Oradour n’est malheureusement que la répétition des abominations perpétrées sur le front de l’Est où en 1941 en Biélorussie les nazis brûlent 628 villages et en massacrent ses habitants.

Vercors apprend cette tragédie en 1944 et la relate encore dès années plus tard dans sa Bataille du silence en insistant sur le silence que Pétain fait planer sur cet acte barbare :

Et tandis qu’on incendie les maisons une à une, les femmes, les enfants, les vieux sont poussés dans l’église arrosée d’essence, et ils y brûlent tout vifs. Le lendemain, le maréchal chef de l’Etat s’en va saluer les victimes d’un bombardement britannique. D’Oradour, pas un mot.
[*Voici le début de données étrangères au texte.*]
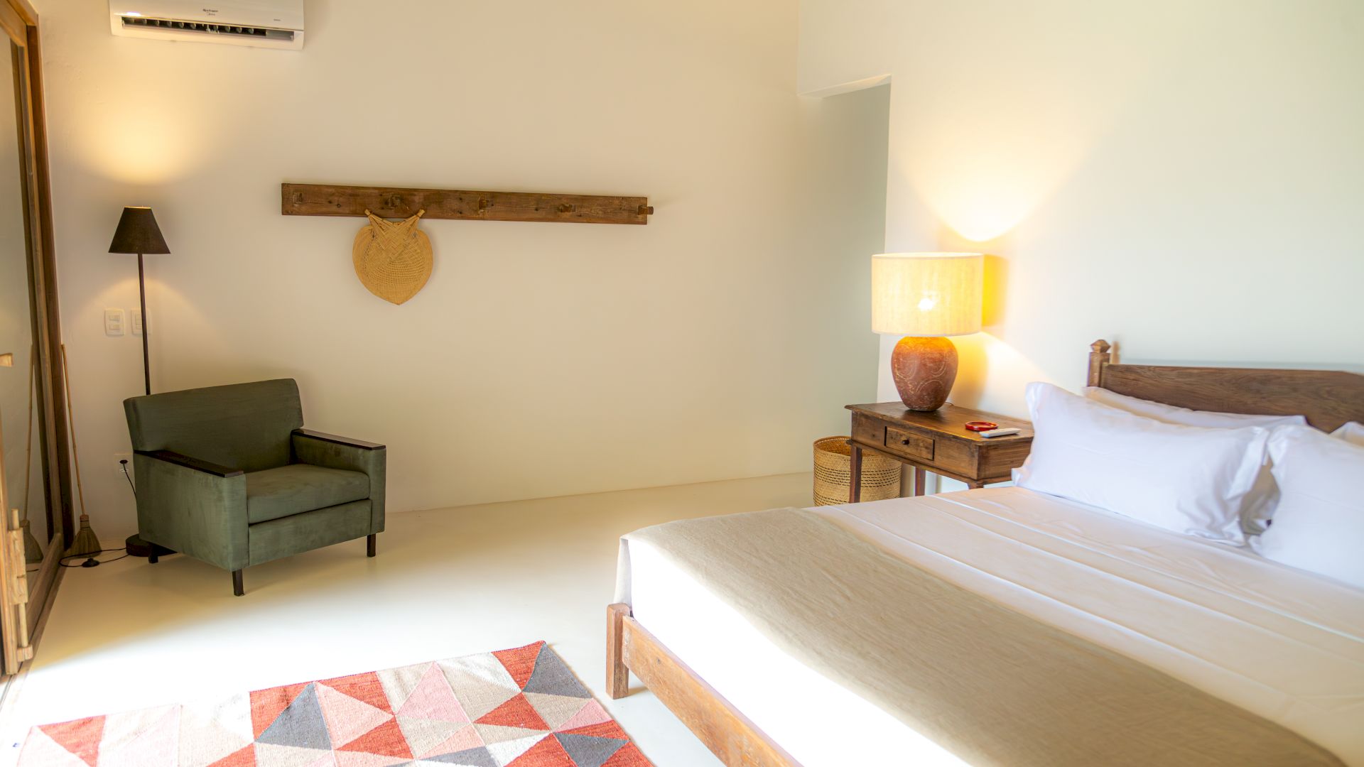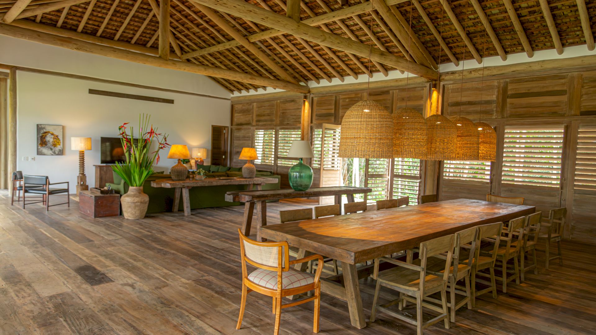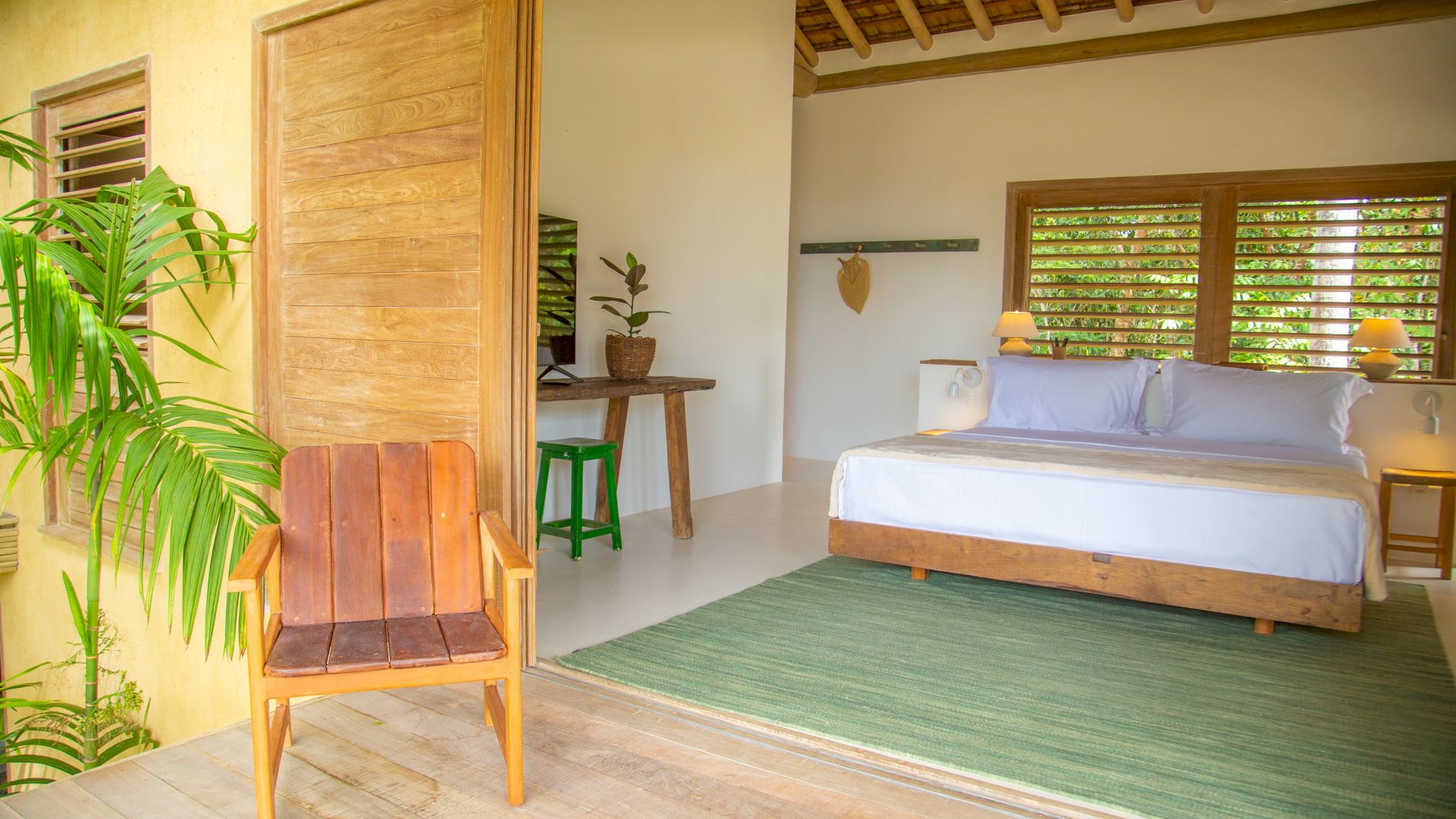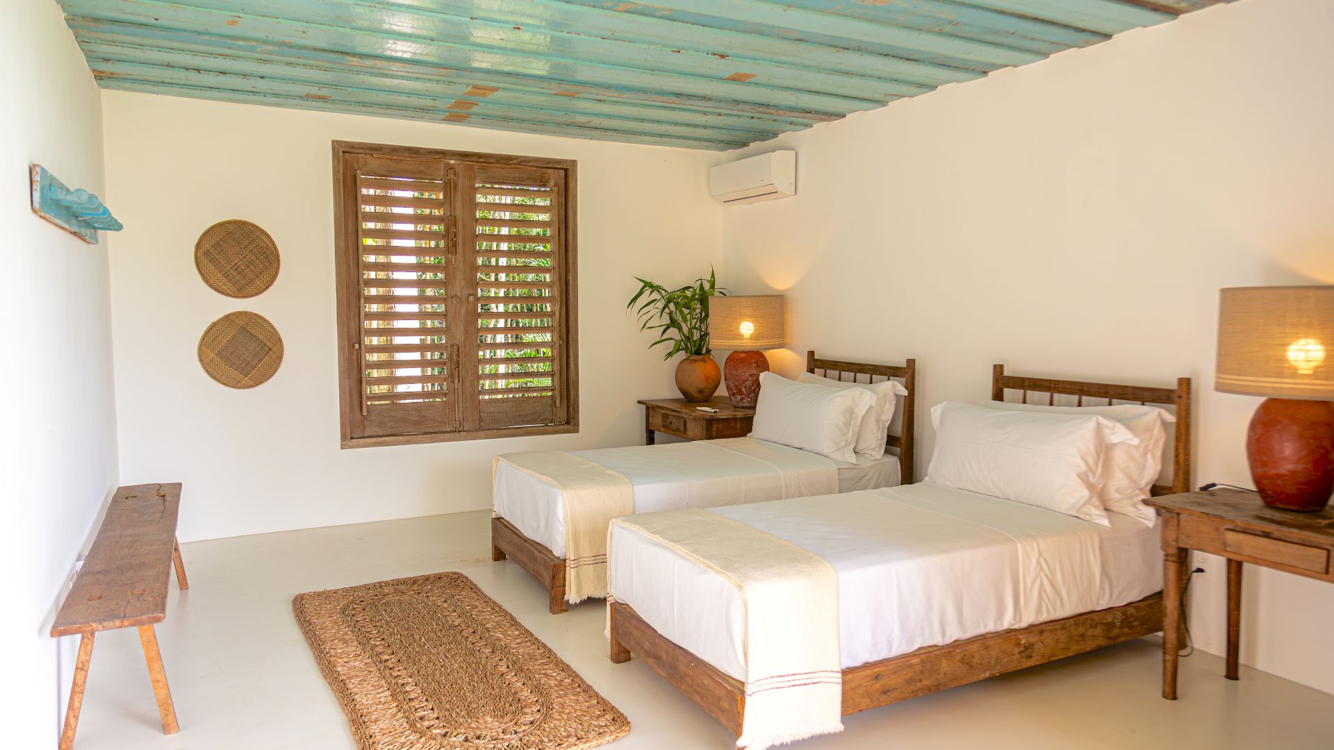 A villa acomoda até 15 hóspedes em 7 suítes distribuídas em três bangalôs independentes, cada um com estilo único e ambientes confortáveis:

En même temps que le dernier numéro des Lettres françaises, Eluard publie un numéro spécial : « Sur les ruines de la morale : Oradour-sur-Glane ». Il s’agit d’un témoignage bouleversant, transmis par Georges Duhamel, d’un ingénieur des chemins de fer qui s’était déplacé pour voir sa famille réfugiée :

Le spectacle était horrifiant. Au milieu d’un amas de décombres, on voyait émerger des ossements humains calcinés, surtout des os de bassins (…) j’ai trouvé le corps calciné d’un enfant, dont il ne restait plus que le tronc et les cuisses. Le tête et les jambes avaient disparu. Je vis plusieurs charniers…

Au cours de mes déplacements dans le bourg, j’avais pu constater que les trois cadavres aperçus le matin au petit jour avaient disparu et que les deux maisons épargnées avaient été incendiées, très certainement par la patrouille que nous avions rencontrée le matin ».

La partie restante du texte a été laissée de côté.